Transcribe the listing in full, word for word; pictures do not belong in the copy.
***** Recorded data
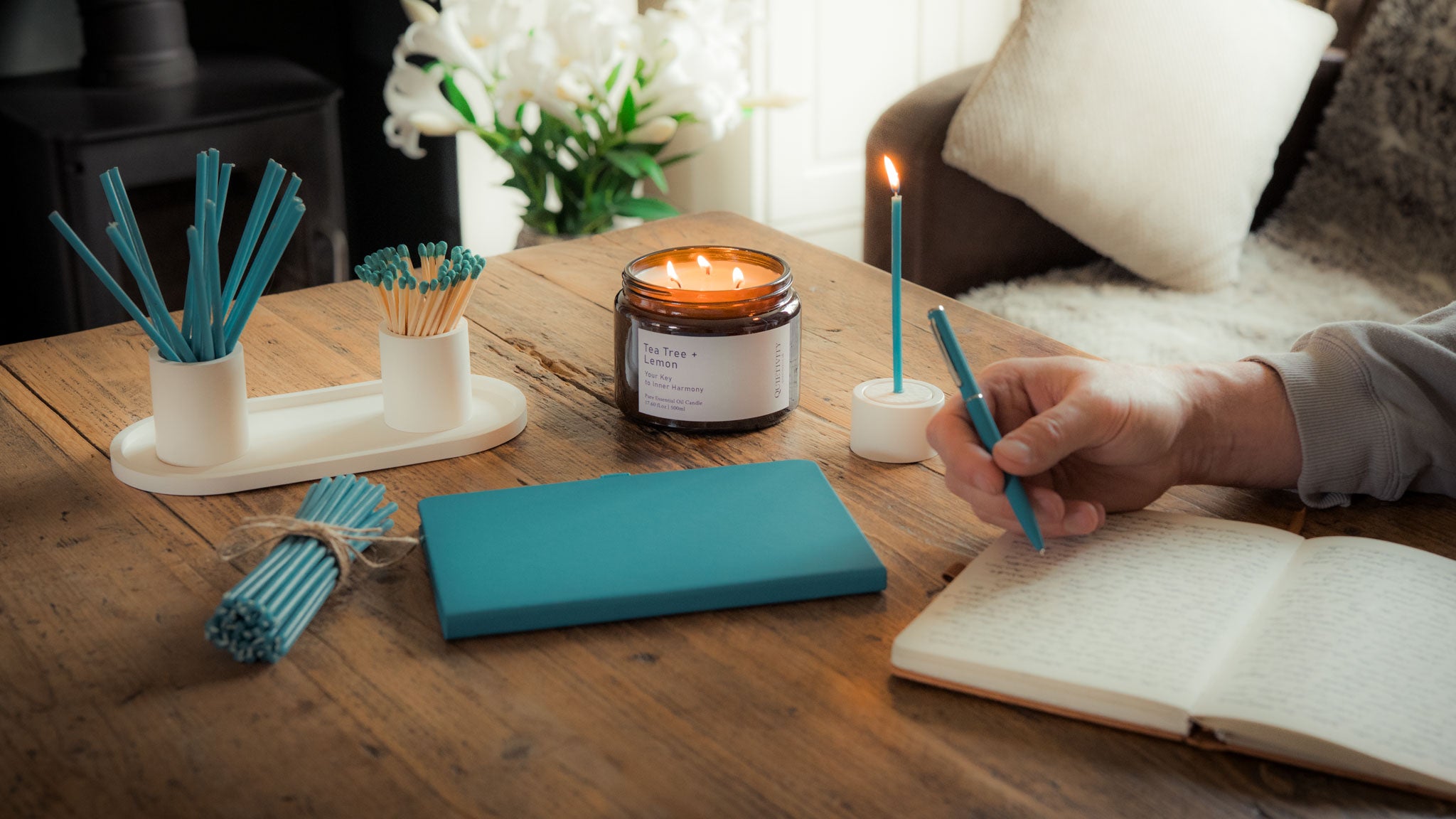 Find a quiet spot where you feel safe and comfortable. It could be your desk, your favourite chair, or a corner of your bedroom. Keep your journal and pen nearby. Light your candle and place it in its holder. This is your time.
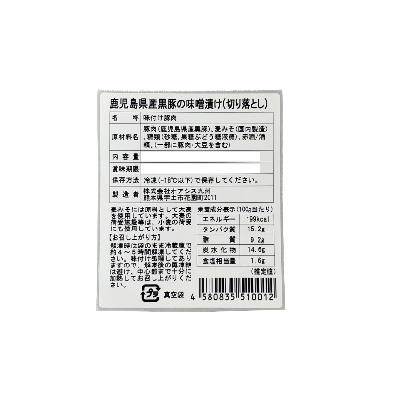 ご覧頂きありがとうございます。 日本有数の黒豚産地である鹿児島県から、 豚肉の中でも高級豚として知られる黒豚の味噌漬け(切り落とし)をお届けします。 【鹿児島県産黒豚】 やわらかくて歯切れがよくジューシーです。 脂はさっぱりとしていて臭みがありません。 味噌漬けにすることで、肉の繊維がよりやわらかく風味豊かになります。 【味噌へのこだわり】 1982(昭和57)年の限定販売以来。39年間愛されてきた 「まぼろしの味噌 米麦あわせ」は全て国産の原料にこだわり、 香料や保存料などの添加物を一切使用せず製造しています。 米味噌のあっさりとした味わいと、麦味噌独特のコクを絶妙にブレンドした味噌。 麦の旨みと米の甘みがマイルドに調和した香り高い逸品です。 「現代の名工」・「フードマイスター」・「黄綬褒章」等、 数々の名誉ある賞を受賞した永田富浩が丹精込めて作り上げたこだわりの逸品。 原料には、厳選した国内産大豆・大麦・米・食塩を使用し、 阿蘇の伏流水で仕込んだ、無添加・中甘口の米麦あわせ味噌です。 米の甘みと麦の旨みがまろやかに調和した香り豊かなお味噌です。 【切り落としだからこそお買得!】 通常は百貨店などに並ぶ高級品ですが、 切り落としだからこそのお買得価格でご紹介! 切り落としといえど、ばんがしっかりあるので満足いただけること間違いなし。 【使い勝手のよさ】 100gずつの個包装になっているので、 扱いやすく、食べたい時に食べたい分だけお使いいただけ、 冷凍庫の隙間にも収納しやすいです。 ーーーーーーーーーーーーーーーーーーーーーーーーーーーーーーーーーーーー 商品説明 商品:鹿児島県産黒豚の味噌漬け 産地:豚(鹿児島県) 規格:100g×10袋 計1㎏ 荷姿:専用段ボールに梱包してお届け 配送温度帯:冷凍 ーーーーーーーーーーーーーーーーーーーーーーーーーーーーーーーーーーーー 注意事項 ※生ものにつきキャンセル、返品はお断りさせて頂きます。 ※配送については、土日祝日を除いて7日以内に発送させて頂きます。 ※離島、沖縄県については配送不可エリアとなります。ご了承くださいませ。 ーーーーーーーーーーーーーーーーーーーーーーーーーーーーーーーーーーーー
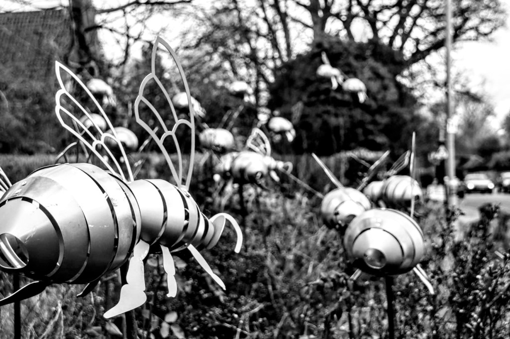 And whilst I was at Sycamore Corner, I enjoyed the Town Council’s wonderful Platinum Jubilee Pollinator Bed. It’s a small garden promoting the benefits of flowers to attract pollinators, and it shares some staggering statistics. One is that over the last 50 years, the UK bee, moth and butterfly population has halved due to the loss of wildflower meadows. There’s also a collection of sculpted bees flying through the garden.
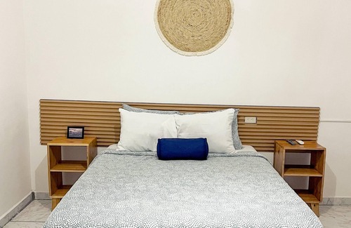 Esta casa de vacaciones de 1 dormitorio y 1 baño está ubicado en La Libertad, una ubicación ideal para explorar los alrededores. A los amantes de la naturaleza y el aire libre les encantará estar a 5min en coche de Playa San Blas y a 7min de Playa de El Majahual. Estarás a 3min en coche de Parque de atracciones Sunset Park y a 4min también en coche de Playa Punta Roca.
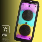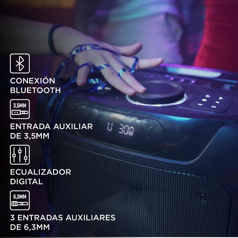 Transforma cualquier reunión en una fiesta inolvidable. Las luces LED RGB se sincronizan al ritmo de la música, mientras que la función de karaoke con efectos de voz te permite desatar tu estrella interior. Además, ajusta los graves y agudos a tu gusto para una experiencia sonora personalizada.
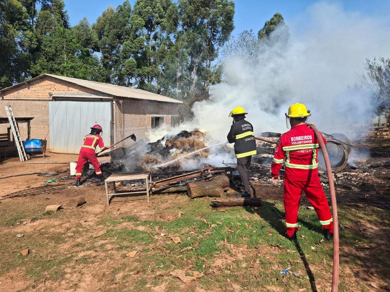 Um incêndio destruiu completamente um galpão rural na comunidade Nova Tupã, interior do município de Tupanciretã, na tarde deste domingo, 05.
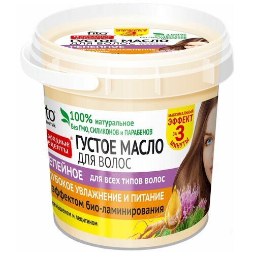 НАЙТИ ВЫГОДНЕЕ - Fito косметик Густое масло для волос Народные Рецепты репейное, 155 г, 155 мл, банка
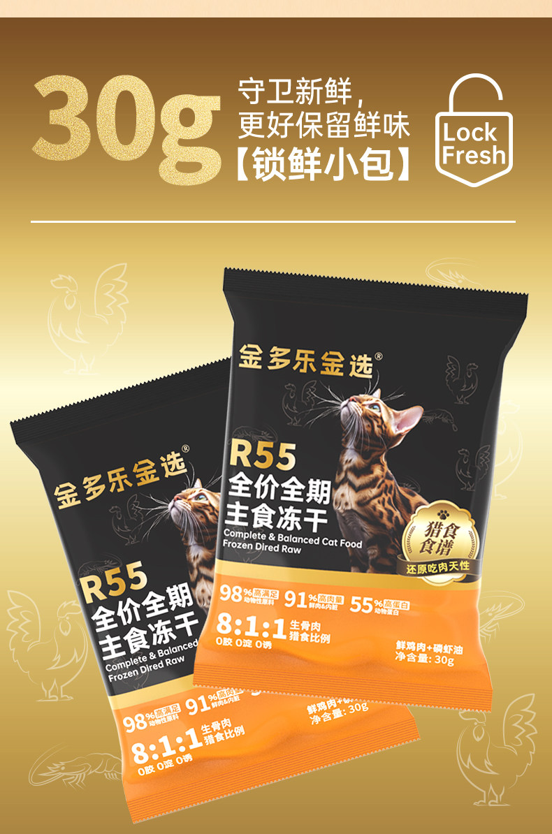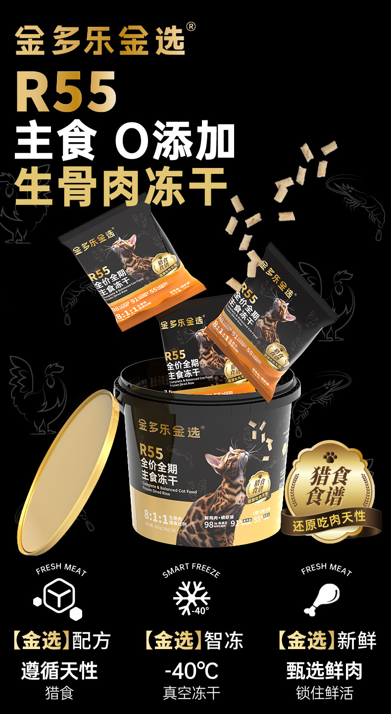 【金多乐金选】R55主食冻干480g锁鲜小包生骨肉成幼猫营养增肥发腮
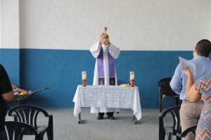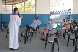 Realizada na última sexta-feira (18), a tradicional Missa de Natal na Cohidro marcou também a celebração eucarística do fim do ano dos funcionários da companhia, momento de agradecer o que foi considerado benção em 2020 e rogar por dias melhores em 2021. Foi aproveitado o amplo espaço da recém revitalizada garagem da sede da empresa em Aracaju, para dispor altar e cadeiras com a distância exigida, álcool 70% – via totem gentilmente cedido pelo Sindicato dos Trabalhadores na Indústria da Purificação e Distribuição de Água (Sindisan) – e a exigência do uso de máscaras respiratórias; conforme os critérios de prevenção ao coronavírus.
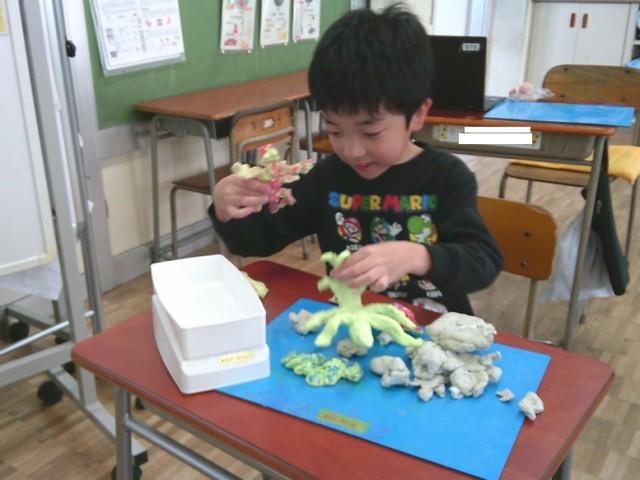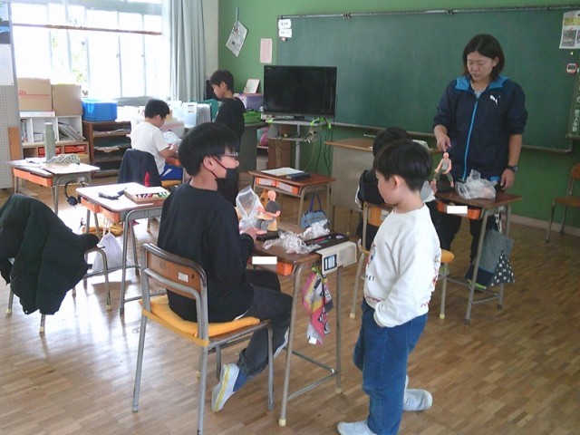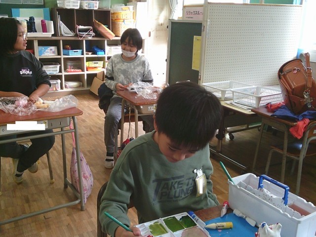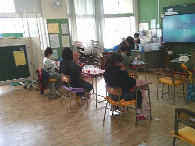 ききょう組の学習の様子です。両クラスとも集中して学習に取り組んでいました。図工で作品づくりを行っています。
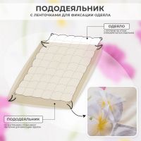 Для более комфортного использования пододеяльник и наволочки снабжены скрытыми молниями. Простынь сшита из целого полотна без шва посередине, а большие размеры простыни решают проблему с заправкой постели.
**********
## Written solution
 Find a quiet spot where you feel safe and comfortable. It could be your desk, your favourite chair, or a corner of your bedroom. Keep your journal and pen nearby. Light your candle and place it in its holder. This is your time.
 ご覧頂きありがとうございます。 日本有数の黒豚産地である鹿児島県から、 豚肉の中でも高級豚として知られる黒豚の味噌漬け(切り落とし)をお届けします。 【鹿児島県産黒豚】 やわらかくて歯切れがよくジューシーです。 脂はさっぱりとしていて臭みがありません。 味噌漬けにすることで、肉の繊維がよりやわらかく風味豊かになります。 【味噌へのこだわり】 1982(昭和57)年の限定販売以来。39年間愛されてきた 「まぼろしの味噌 米麦あわせ」は全て国産の原料にこだわり、 香料や保存料などの添加物を一切使用せず製造しています。 米味噌のあっさりとした味わいと、麦味噌独特のコクを絶妙にブレンドした味噌。 麦の旨みと米の甘みがマイルドに調和した香り高い逸品です。 「現代の名工」・「フードマイスター」・「黄綬褒章」等、 数々の名誉ある賞を受賞した永田富浩が丹精込めて作り上げたこだわりの逸品。 原料には、厳選した国内産大豆・大麦・米・食塩を使用し、 阿蘇の伏流水で仕込んだ、無添加・中甘口の米麦あわせ味噌です。 米の甘みと麦の旨みがまろやかに調和した香り豊かなお味噌です。 【切り落としだからこそお買得!】 通常は百貨店などに並ぶ高級品ですが、 切り落としだからこそのお買得価格でご紹介! 切り落としといえど、ばんがしっかりあるので満足いただけること間違いなし。 【使い勝手のよさ】 100gずつの個包装になっているので、 扱いやすく、食べたい時に食べたい分だけお使いいただけ、 冷凍庫の隙間にも収納しやすいです。 ーーーーーーーーーーーーーーーーーーーーーーーーーーーーーーーーーーーー 商品説明 商品:鹿児島県産黒豚の味噌漬け 産地:豚(鹿児島県) 規格:100g×10袋 計1㎏ 荷姿:専用段ボールに梱包してお届け 配送温度帯:冷凍 ーーーーーーーーーーーーーーーーーーーーーーーーーーーーーーーーーーーー 注意事項 ※生ものにつきキャンセル、返品はお断りさせて頂きます。 ※配送については、土日祝日を除いて7日以内に発送させて頂きます。 ※離島、沖縄県については配送不可エリアとなります。ご了承くださいませ。 ーーーーーーーーーーーーーーーーーーーーーーーーーーーーーーーーーーーー
 And whilst I was at Sycamore Corner, I enjoyed the Town Council’s wonderful Platinum Jubilee Pollinator Bed. It’s a small garden promoting the benefits of flowers to attract pollinators, and it shares some staggering statistics. One is that over the last 50 years, the UK bee, moth and butterfly population has halved due to the loss of wildflower meadows. There’s also a collection of sculpted bees flying through the garden.
 Esta casa de vacaciones de 1 dormitorio y 1 baño está ubicado en La Libertad, una ubicación ideal para explorar los alrededores. A los amantes de la naturaleza y el aire libre les encantará estar a 5min en coche de Playa San Blas y a 7min de Playa de El Majahual. Estarás a 3min en coche de Parque de atracciones Sunset Park y a 4min también en coche de Playa Punta Roca.
 Transforma cualquier reunión en una fiesta inolvidable. Las luces LED RGB se sincronizan al ritmo de la música, mientras que la función de karaoke con efectos de voz te permite desatar tu estrella interior. Además, ajusta los graves y agudos a tu gusto para una experiencia sonora personalizada.
 Um incêndio destruiu completamente um galpão rural na comunidade Nova Tupã, interior do município de Tupanciretã, na tarde deste domingo, 05.
 НАЙТИ ВЫГОДНЕЕ - Fito косметик Густое масло для волос Народные Рецепты репейное, 155 г, 155 мл, банка
 【金多乐金选】R55主食冻干480g锁鲜小包生骨肉成幼猫营养增肥发腮
 Realizada na última sexta-feira (18), a tradicional Missa de Natal na Cohidro marcou também a celebração eucarística do fim do ano dos funcionários da companhia, momento de agradecer o que foi considerado benção em 2020 e rogar por dias melhores em 2021. Foi aproveitado o amplo espaço da recém revitalizada garagem da sede da empresa em Aracaju, para dispor altar e cadeiras com a distância exigida, álcool 70% – via totem gentilmente cedido pelo Sindicato dos Trabalhadores na Indústria da Purificação e Distribuição de Água (Sindisan) – e a exigência do uso de máscaras respiratórias; conforme os critérios de prevenção ao coronavírus.
 ききょう組の学習の様子です。両クラスとも集中して学習に取り組んでいました。図工で作品づくりを行っています。
 Для более комфортного использования пододеяльник и наволочки снабжены скрытыми молниями. Простынь сшита из целого полотна без шва посередине, а большие размеры простыни решают проблему с заправкой постели.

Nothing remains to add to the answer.